Retype, exactly as they stand, the lines from the start of the data to the line that contains "Завданнями аналізу виробництва", both ends included. Leave the pictures out.

((

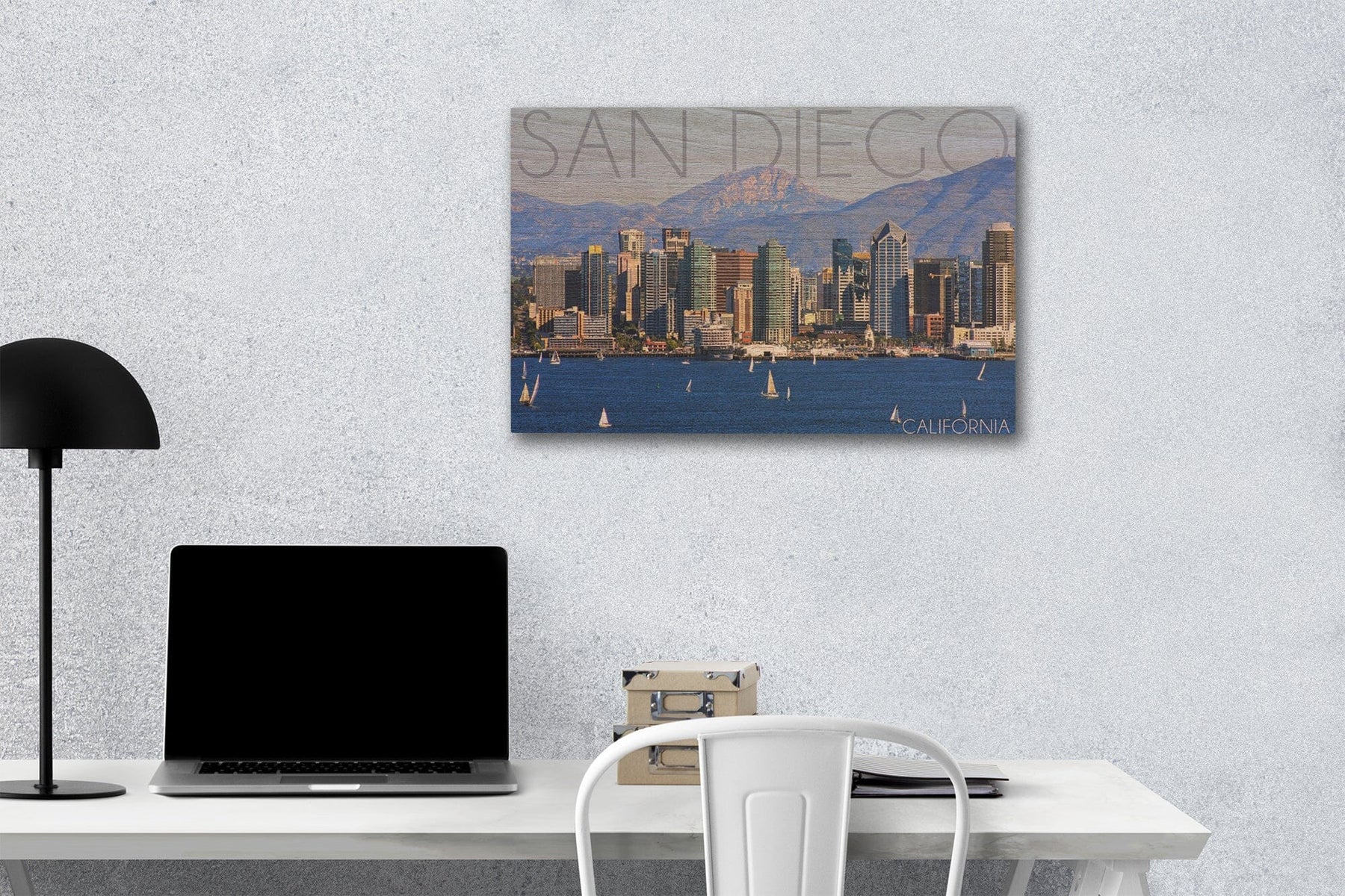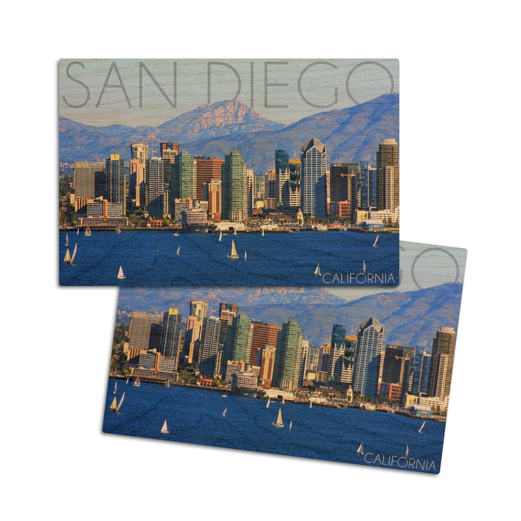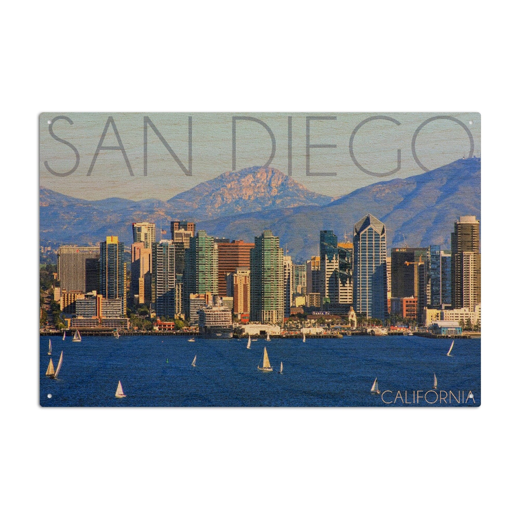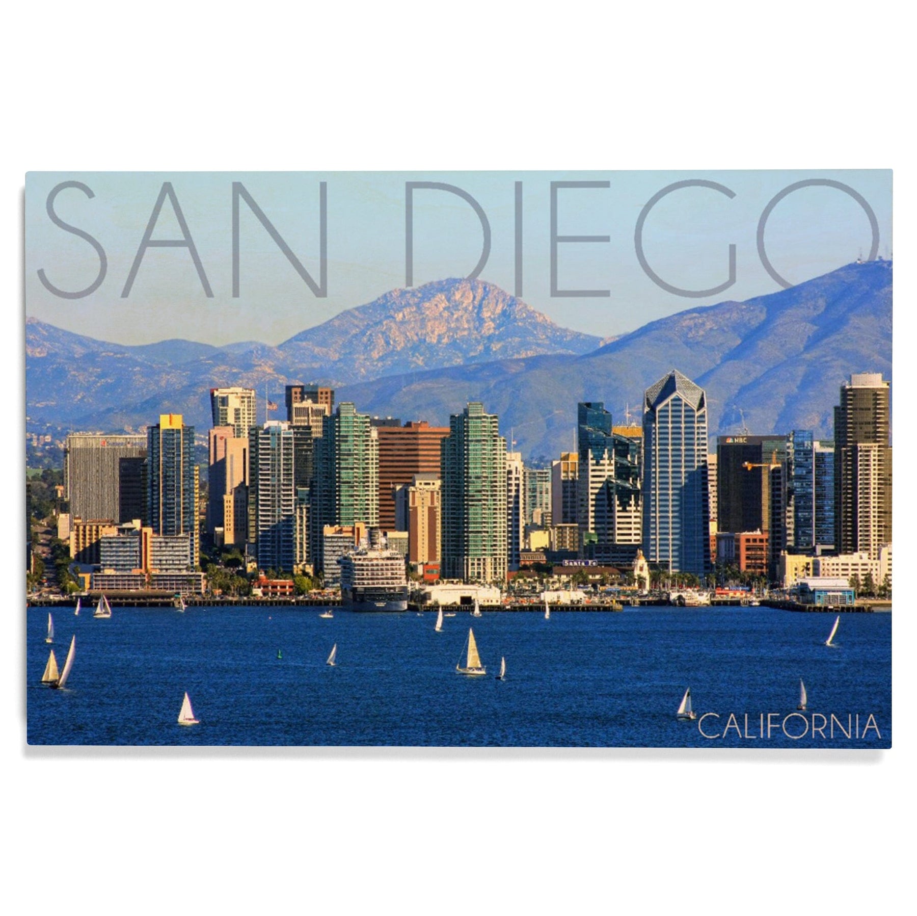 San Diego, California, Mountains & Sailboats, Lantern Press Photography, Wood Signs and Postcards Wood Lantern Press
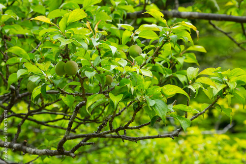 Obraz premium 実をつけ始めた梅の木 鳥取県 樗谿公園
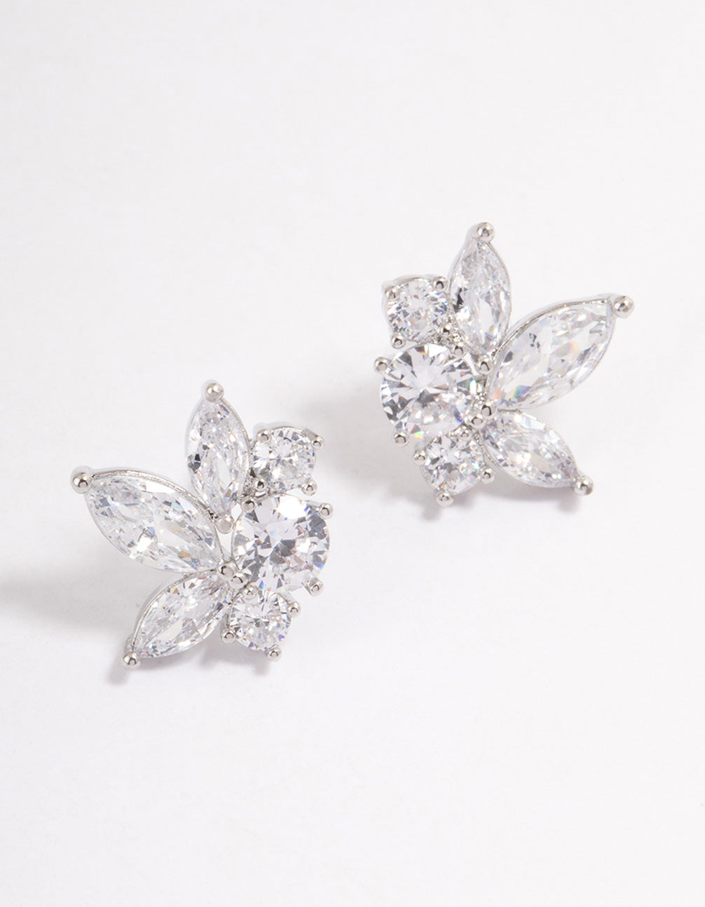 - Style these silver-toned, lotus stud earrings with a set of simple huggie earrings for a curated look.
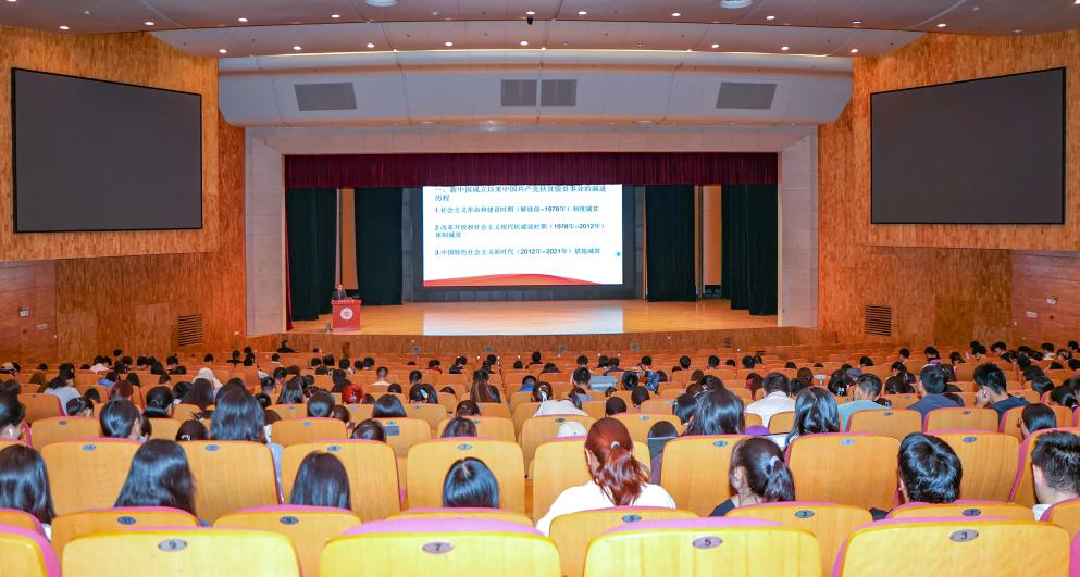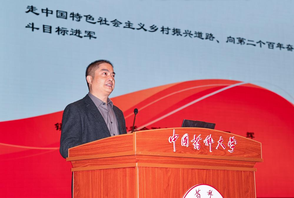 田辉副主任结合自身经历,以《走中国特色社会主义乡村振兴道路、向第二个百年奋斗目标进军》为题,为在场师生们上了一堂生动的思政课。他从大美陕西山峦起伏、斑斓蜿蜒、旖旎如画的秦岭风光娓娓道来,展示了三秦大地上人民群众巩固拓展脱贫攻坚成果铿锵有力的步伐。他表示,自2012年肩负起帮扶镇坪脱贫致富的光荣使命,十年来,中国药科大学真情投入、全力以赴,全校师生齐心协力,内聚合力,外引资源,助力镇坪中药首位产业融合发展,帮助镇坪2018年率先在全市脱贫摘帽。报告中,他着重讲述了“脱贫攻坚战的伟大胜利感悟党的伟力”这一篇章,与在场的师生们一起回顾了新中国成立以来在中国共产党领导下扶贫脱贫事业的演进历程,深刻阐述了脱贫攻坚战的全面胜利是诠释“马克思主义为什么行”“中国共产党为什么能”“中国特色社会主义为什么好”的生动实践。会议最后,他还与同学们分享了自己参加全国脱贫攻坚总结表彰大会感受并现场互动,鼓励大家志存高远、脚踏实地,将专业学习与社会发展相结合,为乡村振兴贡献澎湃的青春力量。
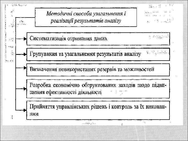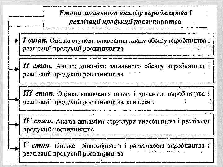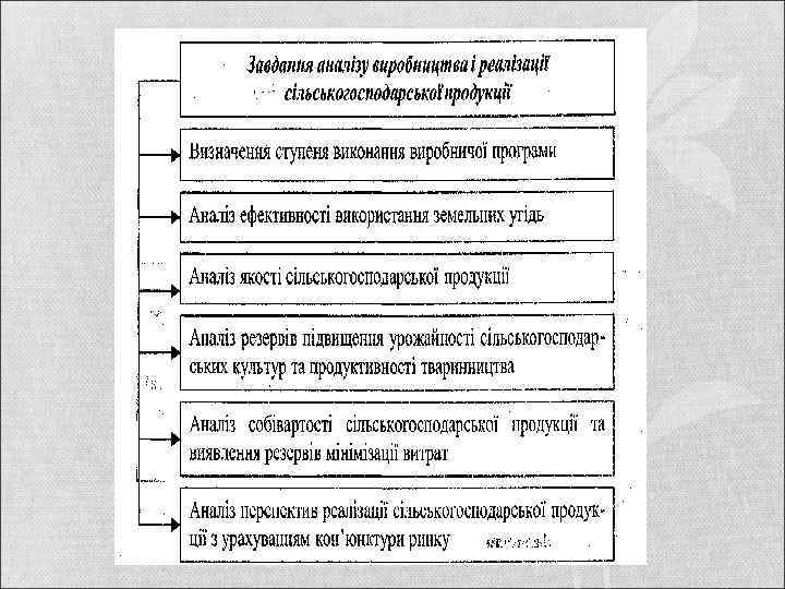 Завданнями аналізу виробництва продукції є: • 1. Оцінка виконання плану й динаміки виробництва. • 2. Оцінка оптимальності й напруженості плану. • 3. Виявлення й визначення основних факторів, що впливають на обсяги виробництва. • 4. Розкриття взаємозв'язку й взаємообумовленості • показників обсягу виробництва, реалізації, асортименту, • якості продукції. • 5. Виявлення внутрішніх резервів підприємства зі • збільшення випуску продукції. • 6. Розробка організаційно-технічних заходів щодо використання виявлених резервів.
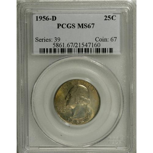 <B>1956-D 25C MS67 PCGS.</B></I> Iridescent gold, crimson, and lime-green hues grace this lustrous Superb Gem. The design features are well impressed. A few trivial marks on the major devices are hardly worthy of mention. A formidable addition to the competitive Registry holding. Population: 11 in 67, 0 finer (1/07).<BR><BR><b>Shipping:</b> Coins & Currency (<a target="_blank" href="http://www.heritageauctions.com/common/shipping.php">view shipping information</a>)
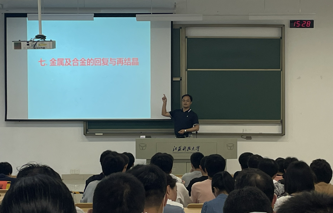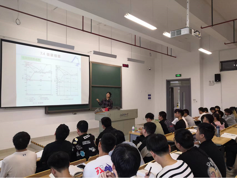 材料学院副教授冯迪老师为大家展示了材料科学基础A课程中的“回复与再结晶”部分。材料科学基础A旨在培养学生从专业角度描述金属材料相关工程问题的思路及方法,最终使学生具备金属材料复杂工程问题的解决能力。回复与再结晶知识则是学生设计或优化材料制备工艺、避免产品缺陷的重要基础理论。本次线下授课以教师讲授、学生互动参与的形式展开,按照基础理论讲解、科研结果展示、案例列举以及课堂互动四个环节依次推进。授课过程中所展示的实际微观组织图片给观摩师生留下了深刻的影响。直观的视觉冲击是学生牢记回复与再结晶组织演变规律的有效途径。授课教师同时在学校超星泛雅平台建设了本课程的在线课程资源,并提供在线答疑,以供同学们课后随时随地复习和巩固课程内容。
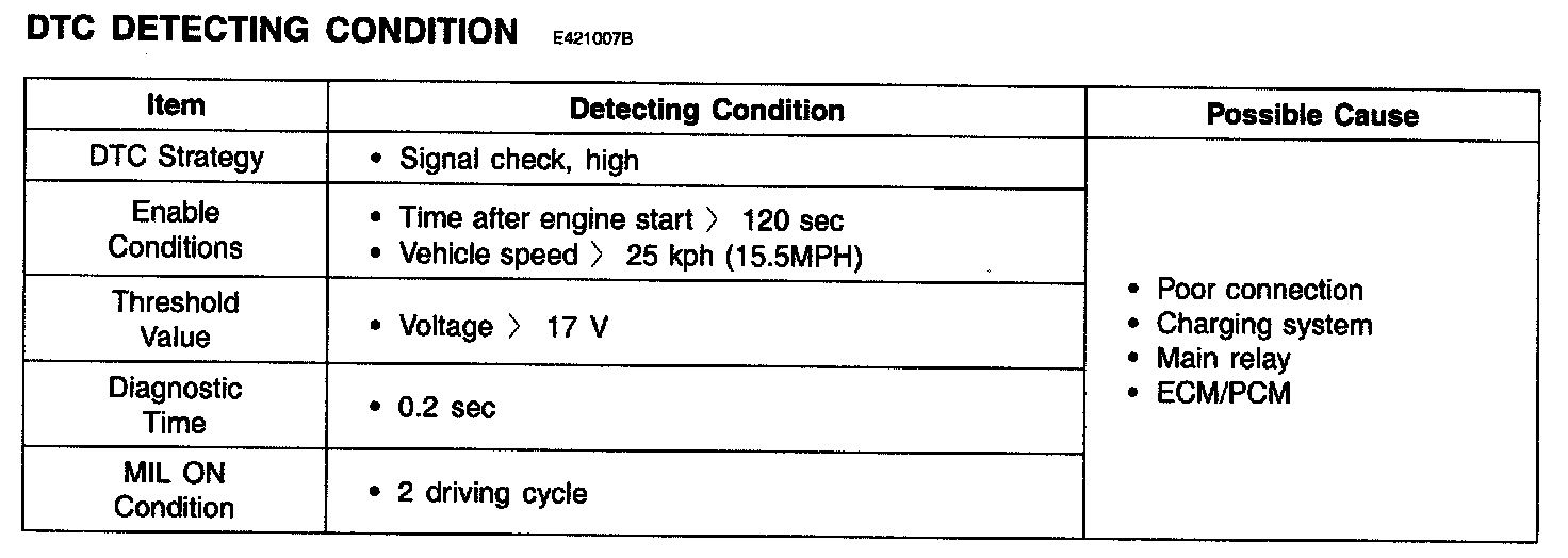 If the system voltage is over 17 V during 0.2 sec, ECM/PCM sets DTC P0563.
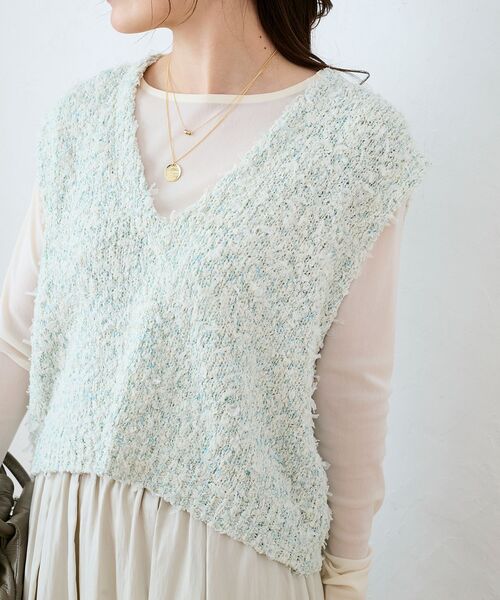 単色では出せない奥行きのある編み地で、シンプルなコーデでも一気に華やかに。ミックスカラーの表情感がポイントのVネックベスト。●ポイント顔周りをすっきりと見せてくれるVネックデザインで、レイヤードしやすくリラックスした着心地。カットソーやシャツ、ブラウス、ドレスなどコーディネートの幅を広げてくれます。リボンチュール×カスリスラブの組み合わせで、見た目より軽く、長いシーズン着用可能です。デザイン性がありながら、手洗い可能でデイリーに使いやすいのは嬉しいポイントです。いつものコーディネートにプラスするだけでシャレ感のあるスタイリングが完成します。※取り扱いについては、商品についている洗濯表示にてご確認下さい。※照明の関係により、実際よりも色味が違って見える場合がありますまたパソコン・スマートフォンなどの環境により、若干製品と画像のカラーが異なる場合もございます。※商品の色味は、商品アップ画像をご参照ください。【注意事項】・画像の商品はサンプルです。・サイズ表記はあくまで目安となります。実際の商品と仕様、加工が若干異なる場合があります。
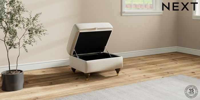 7.2.10 Ashford Highback Storage Footstool Relaxed Linen Look Oyster Modern Turned Metal Cap - Mid | Made Click here to use our website with more accessibility support, for example screen readers
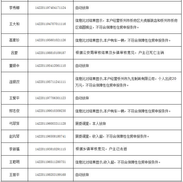 2014年申報(bào)公(廉)租房不符合保障條件花名表

))

▶ _WORKED SOLUTION_
 San Diego, California, Mountains & Sailboats, Lantern Press Photography, Wood Signs and Postcards Wood Lantern Press
 Obraz premium 実をつけ始めた梅の木 鳥取県 樗谿公園
 - Style these silver-toned, lotus stud earrings with a set of simple huggie earrings for a curated look.
 田辉副主任结合自身经历,以《走中国特色社会主义乡村振兴道路、向第二个百年奋斗目标进军》为题,为在场师生们上了一堂生动的思政课。他从大美陕西山峦起伏、斑斓蜿蜒、旖旎如画的秦岭风光娓娓道来,展示了三秦大地上人民群众巩固拓展脱贫攻坚成果铿锵有力的步伐。他表示,自2012年肩负起帮扶镇坪脱贫致富的光荣使命,十年来,中国药科大学真情投入、全力以赴,全校师生齐心协力,内聚合力,外引资源,助力镇坪中药首位产业融合发展,帮助镇坪2018年率先在全市脱贫摘帽。报告中,他着重讲述了“脱贫攻坚战的伟大胜利感悟党的伟力”这一篇章,与在场的师生们一起回顾了新中国成立以来在中国共产党领导下扶贫脱贫事业的演进历程,深刻阐述了脱贫攻坚战的全面胜利是诠释“马克思主义为什么行”“中国共产党为什么能”“中国特色社会主义为什么好”的生动实践。会议最后,他还与同学们分享了自己参加全国脱贫攻坚总结表彰大会感受并现场互动,鼓励大家志存高远、脚踏实地,将专业学习与社会发展相结合,为乡村振兴贡献澎湃的青春力量。
 Завданнями аналізу виробництва продукції є: • 1. Оцінка виконання плану й динаміки виробництва. • 2. Оцінка оптимальності й напруженості плану. • 3. Виявлення й визначення основних факторів, що впливають на обсяги виробництва. • 4. Розкриття взаємозв'язку й взаємообумовленості • показників обсягу виробництва, реалізації, асортименту, • якості продукції. • 5. Виявлення внутрішніх резервів підприємства зі • збільшення випуску продукції. • 6. Розробка організаційно-технічних заходів щодо використання виявлених резервів.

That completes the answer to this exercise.